Amen. We love our dog like she's family and she goes on EVERY river trip where dogs are allowed, especially since there are quite a few already where they aren't allowed. There is no way I could leave her at home knowing that she could be on the river with us. We also have her on her leash at the put-in AND take-out (every put-in and take-out, not just WW, Cisco, etc.), and diligently search for her poo at campsites, even if we don't see where she goes, to make sure that we don't leave any trace of her being there. We often get compliments from the WW rangers for following the rules and keeping her under control. If it's super busy and hectic, we'll even leave her in the car until we're ready to launch. Often times, we'll leash her to our boat and she just lays there on the boat as happy as she can be and out of everyone's way. As for taking out at WW after Ruby/Horsethief, I grab her leash or a strap from the boat and get her ready before we even hit the bank. Granted, we've done Ruby/Horsethief and WW a LOT and know the rules, but leading by example for those who don't know is always best and seems to work. Bottom line, if you follow the rules, there's nothing to complain about and no reason for you to have to leave your pups at home.


----------



## okieboater (Oct 19, 2004)

summitraftgirl, you are the type of responsible dog owner that I would love to see more dog owners learn from and raft with. More like you and the dog problem on rivers and access points would go away.

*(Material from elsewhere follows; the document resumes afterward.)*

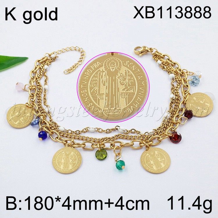 Stainless Steel Jewelry Three Layer Chain Religion Golden Bracelet
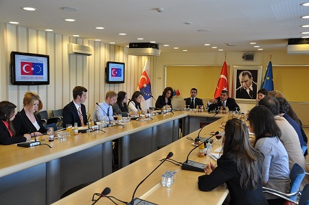 Devlet Bakanlığı Dışişleri Özel Müşaviri Sayın Faruk Kaymakcı, heyete Türkiye'nin AB üyelik süreci, Türkiye'nin Avrupa Birliği İletişim Stratejisi konularında bilgi verdi. Öğrencilerin sorularını da yanıtlayan Kaymakcı, Türkiye'nin AB ile ilişkilerini, üyelik perspektifi ile sürdürmeye kararlı olduğunu belirterek, Avrupa Birliği'nin Türkiye için çağdaşlaşma hedefi doğrultusunda önemli bir referans olduğunu ve Türkiye'nin üyeliğinin hem Avrupa Birliği hem de Türkiye açısından bir kazan-kazan ilişkisi olacağını vurguladı.

Thank you for setting a great example with your dog especially at WW.

Hope to run into you and your dog later in the year as we generally run Ruby WW etc as a very late in the season float and cook season finale.


----------



## WillYates (Aug 3, 2007)

My dog saved my life when I was attacked by a bear in deso 2 years ago. She goes EVERYWHERE I do.


----------



## Big Da (Mar 8, 2006)

Very glad we are able to bring our dog on WW trips! Fully respect picking up poo(even other dogs as owners dont always see the deed happening), leashing and such. Appreciate the heads up from BLM. We'll keep it clean.


----------



## badswimmer (Jul 13, 2006)

I say ban citiots & citiotdogs, whalah, no more problems..


----------



## Ture (Apr 12, 2004)

badswimmer said:


> I say ban citiots & citiotdogs, whalah, no more problems..

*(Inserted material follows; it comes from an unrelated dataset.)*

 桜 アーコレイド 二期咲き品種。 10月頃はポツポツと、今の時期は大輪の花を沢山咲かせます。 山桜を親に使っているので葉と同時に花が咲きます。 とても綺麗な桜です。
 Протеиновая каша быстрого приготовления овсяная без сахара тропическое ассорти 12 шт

Actually, city folks are the ones who keep their dogs on leashes and carry a roll of crap baggies to pick up their crap. When is the last time you saw a country boy with his dog on a leash, picking up its crap and putting it in a bag. Oh, right... never.


----------



## liquidchaos (Jul 11, 2005)

i find it highly frustrating that the BLM managment plan includes cattle grazing and burning tamarisks through westwater but the people there must practice a leave no trace attitude and use a fireblanket. but its ok for the blm staff to leave big burn piles? WTf?


----------



## cfboomas (Aug 19, 2008)

Hey Will, Good thing she was with you too! They killed that bear a few days later. Hope you had a good birthday my friend.


----------



## CB Rob (Feb 13, 2010)

Be advised, if you see some real big yellow dogs running loose, they are probably sheep dogs from the ranch next to the put in. This time last year I saw a chick get called out by the rancher for feeding his work dogs. dude was seriously pissed off.


----------